Jerome Powell warns that the US housing market needs a “difficult correction” to lower the costs of homes…
The housing market in the United States right now is extremely expensive. In order for the “regular folks” to afford homes again, the Fed’s chairman, Jerome Powell, believes that the US will need a “difficult correction.”
“For the longer term what we need is supply and demand to get better aligned, so that housing prices go up at a reasonable level, at a reasonable pace, and that people can afford houses again,” Powell said on Wednesday.
“We probably in the housing market have to go through a correction to get back to that place.”
“From a sort of business cycle standpoint, this difficult correction should put the housing market back into better balance.”
“I’d say if you are a homebuyer or a young person looking to buy a home, you need a bit of a reset.”
“We need to get back to a place where supply and demand are back together and where inflation is down low again, and mortgage rates are low again,” Powell told reporters.
“When I say reset, I’m not looking at a particular specific set of data.”
“What I’m really saying is that we’ve had a time of a red-hot housing market all over the country, where famously houses were selling to the first buyer at 10% above the ask even before seeing the house. That kind of thing.”

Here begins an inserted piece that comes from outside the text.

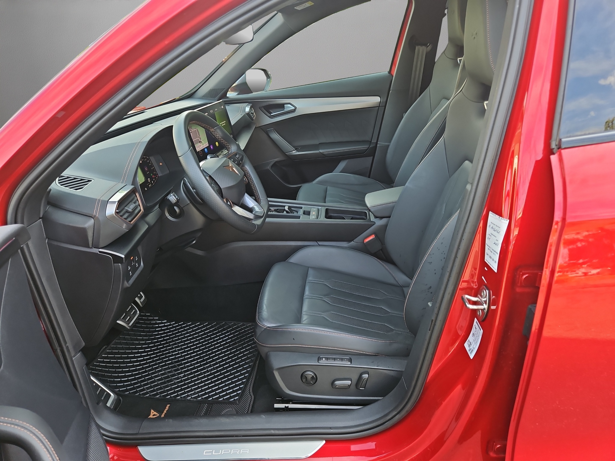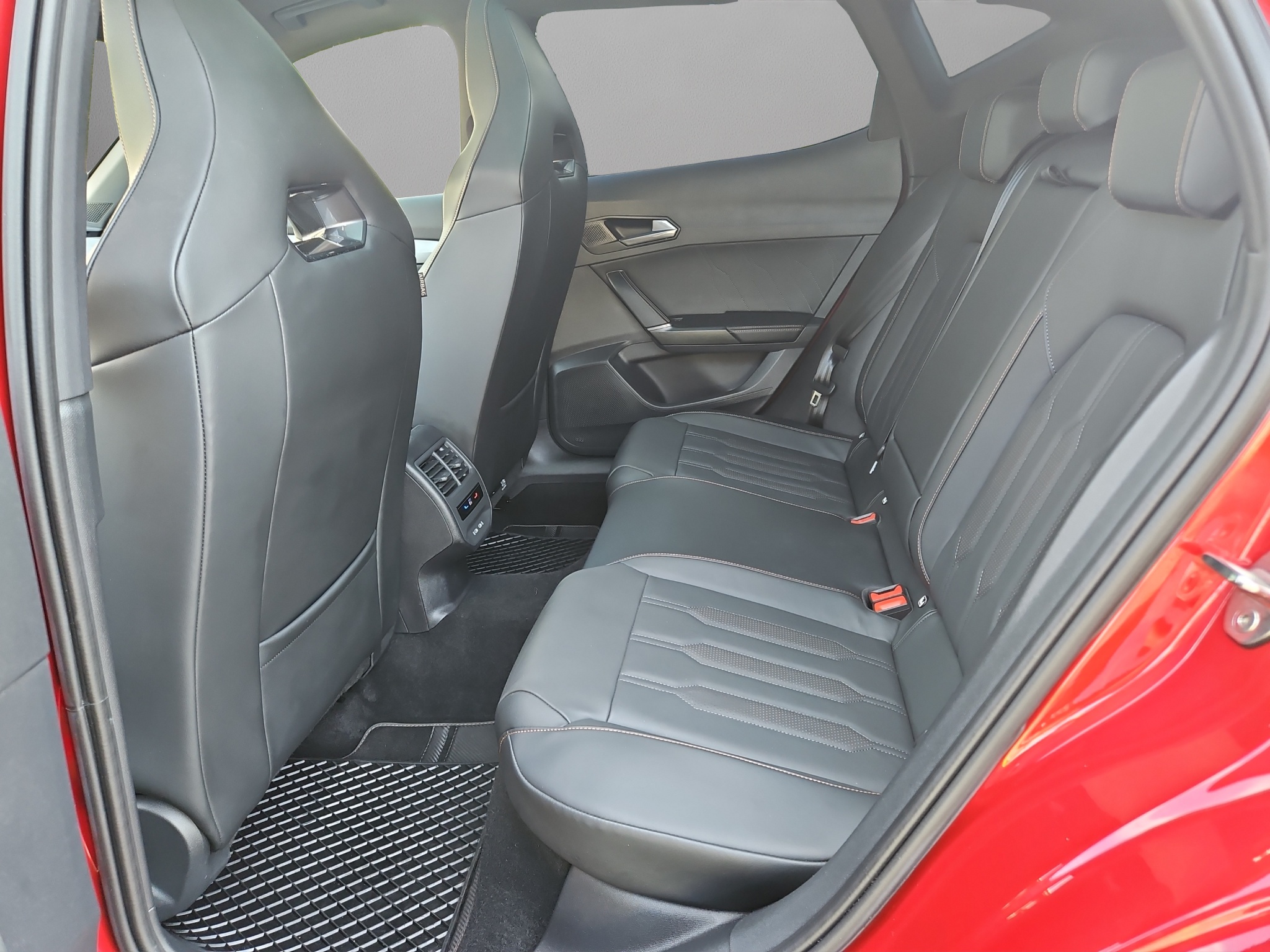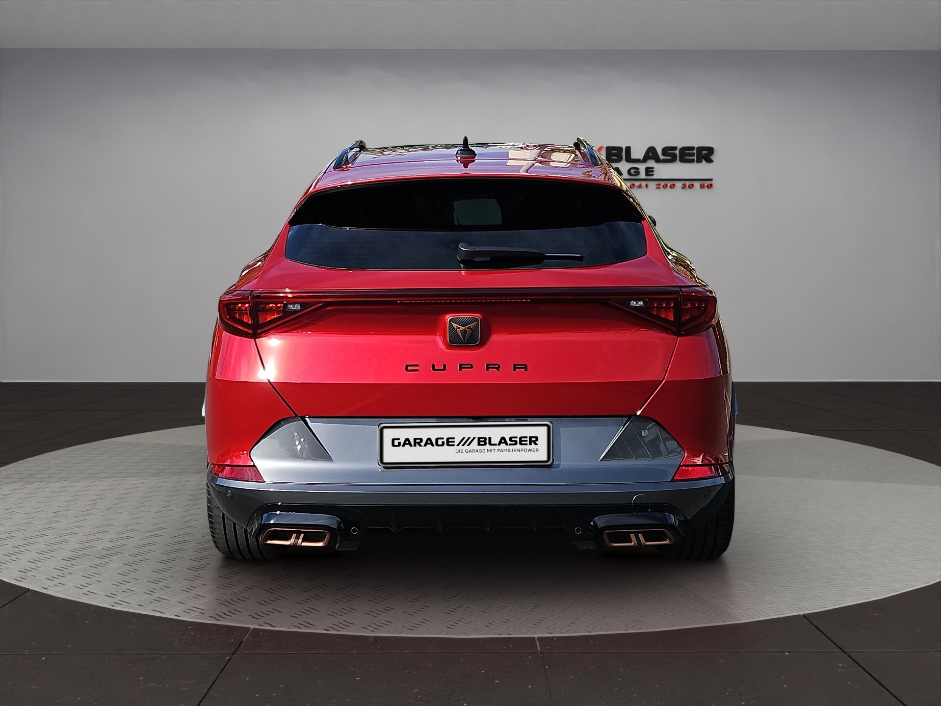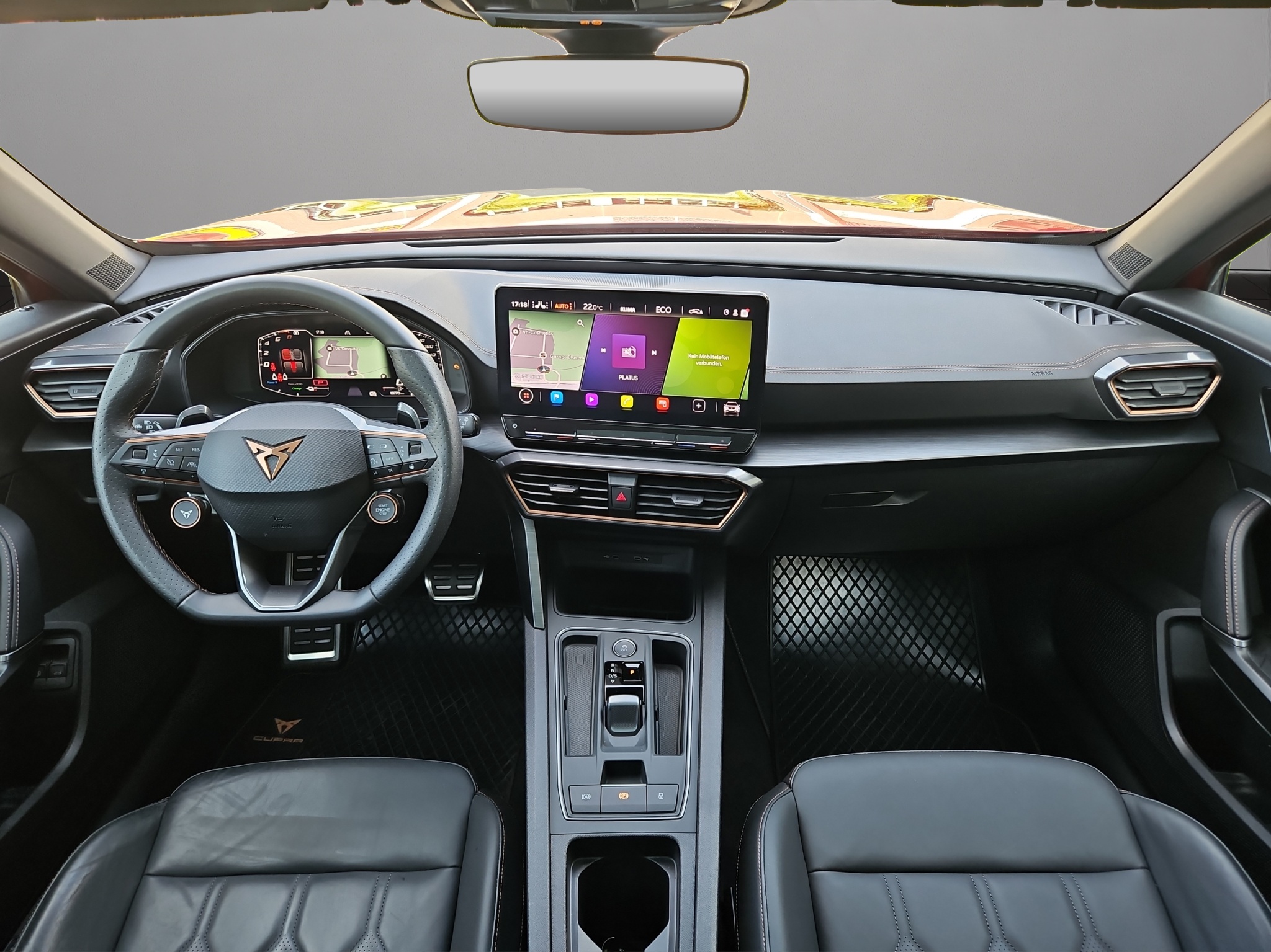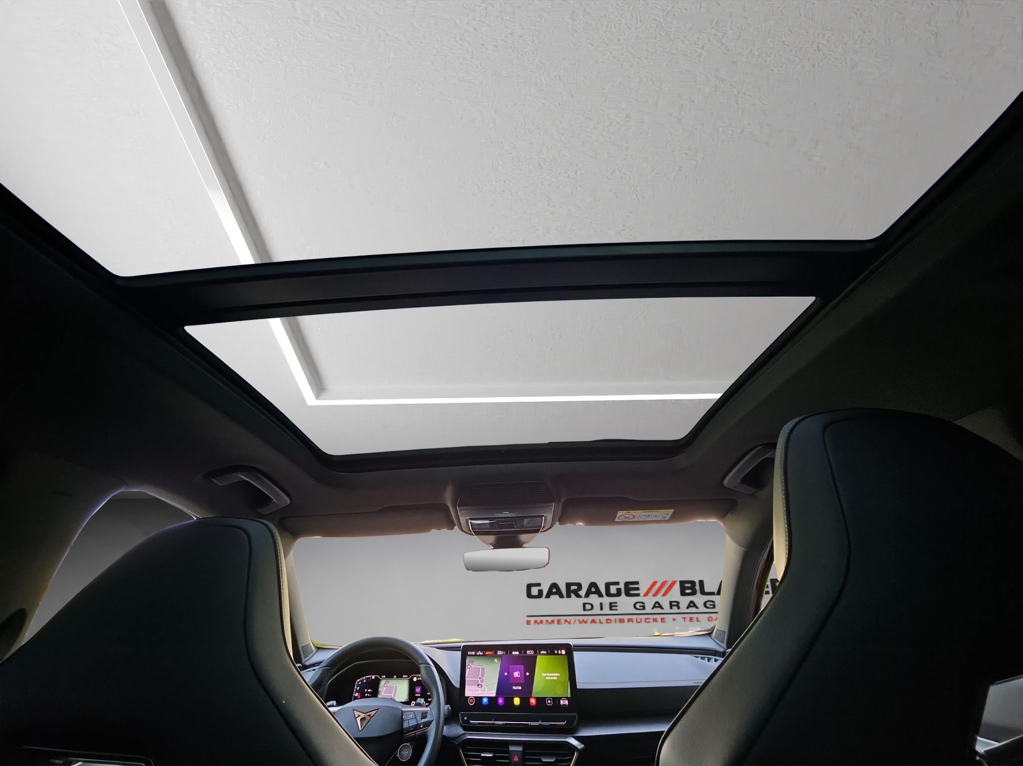 230-Volt Steckdose im Kofferraum und 12-Volt Steckdose in der Mittelkonsole ABS, EBV elektronische Bremskraft-verteilung Abgedunkelte Scheiben ab B-Säule hinten Airbag: Airbag Beifahrer deaktivierbar Airbag: Airbag Fahrer und Beifahrer Airbag: Kopfairbags vorne und hinten Airbag: Seitenairbags für Fahrer und Beifahrer Assist: City Notbremsfunktion Assist: Elektronische Parkbremse mit Auto Hold Funktion Assist: Multifunktionskamera Assist: Multikollisionsbremse Assist: Parklenkassistent Assist: PreCrash Sicherheitssystem Assist: Regen-/Lichtsensor Assist: Tiredness detection (Müdigkeitserkennung) Assist: Umfeldbeobachtung Front-Assist Aussenspiegel elektrisch einstell-, beheiz- und einklappbar Aussenspiegel mit Beifahrerspiegelabsenkung Aussenspiegel mit LED-Umfeldbeleuchtung Automatisch abblendender Innenrückspiegel Beleuchtete Sonnenblende links mit abdeckbarem Spiegel und Lasche, rechts mit abdeckbarem Spiegel CUPRA Drive Profile mit "driving experience button" Comfort, Sport, CUPRA, Individual, Snow, Offroad Dreipunkt-Automatiksicherheitsgurte auf allen Plätzen ESC mit EBA, DSR, XDS und Reifendruckkontrolle Elektrische Fensterheber vorne und hinten mit Komfortschaltung und Einklemmschutz Fahrwerk: Adaptive Fahrwerksregelung DCC Fahrwerk: Progressivlenkung Fussmatten vorne und hinten Garantie: Cupra 12 Jahre Gewährleistung gegen Karosserie-Durchrostung Garantie: Cupra 3 Jahre Lack-Gewährleistung Garantie: Cupra Garantie 2 Jahre ohne Kilometerbegrenzung Heckscheiben-Wisch-/Waschanlage mit Intervall Kindersitzverankerung ISOFIX (äussere Plätze hinten) Klima: 3-Zonen Climatronic mit Fondraumbedienung LED-Innenraumbeleuchtung mit Ambientebeleuchtung Wraparound Lackierung: Uni-Lackierung Ladekabel für Haushaltssteckdose (Mode 2) Lenkrad: Beheizbares Ledermultifunktionslenkrad mit Schaltwippen Licht: Coming-home-Funktion Licht: Durchgehende Full LED-Heckleuchten Licht: LED-Heckleuchten mit dynamischem Blinklicht Licht: LED-Nebelscheinwerfer mit Cornering-Funktion Licht: LED-Scheinwerfer für Abblend- und Fernlicht Licht: Leuchtweitenregulierung dynamisch Media: 12" Infotainment (MIB3) Media: 2 USB C Anschlüsse hinten und vorne Media: CUPRA Connect Online Infotainment für Navigationssystem Media: CUPRA Connect Remote & Access für Navigationssystem Media: CUPRA Navigationssystem Media: DAB+ (Digital Audio Broadcasting) Media: Kartenmaterial ''Europa'' Media: Mobiltelefon Freisprechanlage Bluetooth Mittelarmlehne vorne und hinten Paket: Fahrerassistenzpaket XL für Navigationssystem Pyrotechnische Gurtstraffer und Gurtkraftbegrenzer Räder: Alufelgen 8J x 19", "EXCLUSIVE" 38/3 Machined Black Matt / Silver Räder: Reifendruck-Kontrollanzeige Räder: Reifenreparatur-Set (Tire Fit) Schlüsselloses Schliess- und Startsystem (KESSY) Servolenkung mit geschwindigkeitsabhängiger Lenkkraftunterstützung Sitze: 2 verstellbare Kopfstützen vorne und 3 hinten Sitze: CUPRA Sport Schalensitze in "Sharp Textil schwarz" Sitze: Easy Backseat Release (Rücksitzentriegelung im Kofferraum) Sitze: Geteilt abklappbare Rücksitzlehne 1/3 - 2/3 Sitze: Vordersitze höhenverstellbar mit Lendenwirbelstütze Stopp - Start- und Rekuperationssystem Wegfahrsperre elektronisch Zentralverriegelung mit Funkfernbedienung, 2 Funkschlüssel Zwei Abgasblenden in Kupfer

We know what you’re talking about, Mr. Powell. 😉
Words can be very powerful.
“This is a good thing,” says Powell.
“So there was a big imbalance between supply and demand. Houses were going up at an unsustainable fast level. So the deceleration in housing prices that we’re seeing should help to bring prices more closely in line with rents and other housing market fundamentals. That is a good thing.”
“There are also longer-run issues with the housing market. As you know, it is difficult to find lots now close enough to cities, so builders are having a hard time getting zoning and lots and workers and materials and things like that.”
“But from a business cycle standpoint, this difficult [housing] correction should put the housing market back into better balance,” Powell said.
Powell said the Fed’s top goal is to bring down high inflation.
“We can’t fail to do that,” said Powell.
“I think there’s a very high likelihood we will have a period of … much lower growth and it could give rise to an increase in unemployment. No one knows whether that process will lead to a recession or how significant a recession it will be,” Powell said. “I don’t know the odds.”
On Wednesday, the Federal Reserve raised its benchmark interest rates by 0.75 basis points. This is the third hike in a row, and it’s not planned to drop anytime soon.
Higher interest rates mean bigger mortgage payments, but supposedly the steep interest rates are to bring down inflation.
If only we didn’t have this problem in the first place, which could have very well been prevented. Some might even speculate that it was done intentionally to destroy the US economy and make citizens more dependent on their governments for survival.
This is just the beginning he says…
— Patrick Bet-David (@patrickbetdavid) September 21, 2022
President Biden printed 40% of all the U.S. dollars ever in circulation.
It’s going to take more than a “difficult correction” to repair such damage.
Sen. John Kennedy (R-La.) reflected on America’s major inflation problem back in June.
“I know many of you feel like the government has let you down and that government doesn’t care about you or about your future, or your kids’ future, and I feel the same way sometimes.”
“People are having to dig into their savings. A dozen eggs just jumped from $1.62 to $2.52. A single pound of ground beef was $4.66 a year ago. Now it’s $5.41. Chicken is up more than $4 a pound.
“Food banks in our state are even having to cut back. They’re having trouble stocking their shelves to feed our people.”
“Used cars and trucks are up 23%. You can’t afford to put gas in your car or truck even if you can buy one, and we’re seeing just record prices every day.
“This inflation, there’s nothing magical about its cause. The federal government just printed too much money. I mean, the last bill that President Biden passed—he just put us over the top: It was $2 trillion dollars. $2 trillion dollars! That’s 2,000 billion dollars.
“And they said it was a COVID bill, but it wasn’t. It was really an expansion of our already generous welfare program. . . . And a lot of the money was wasted.”
“They built a $28.5 million apartment complex in Seattle, Washington for the homeless, with views of the Space Needle in Washington.”
“In Rhode Island, they spent $53,000 remodeling a city hall and buying ergonomic chairs.”
“In New York, they used $12 million to expand a minor league baseball stadium.”
“In Arizona, they spent $7.2 million to increase the prize money at horse racing tracks.”
“We can get this inflation under control, but we’ve got to do two things: Number one, we’ve got to stop spending money we don’t have, and we’ve got to stop printing it. We’ve got to do what you do every day and live within your budget.
“And number two, the president has just got to get his boot off the throat of the oil and gas industry. Oil and gas prices are not going to come down as long as we’re having to buy oil from foreign countries at these inflated prices. Oil and gasoline are not going to come down until we go back to producing our own. It’s just that simple. And we can get there if the Biden administration will stop its war on the oil and gas community.”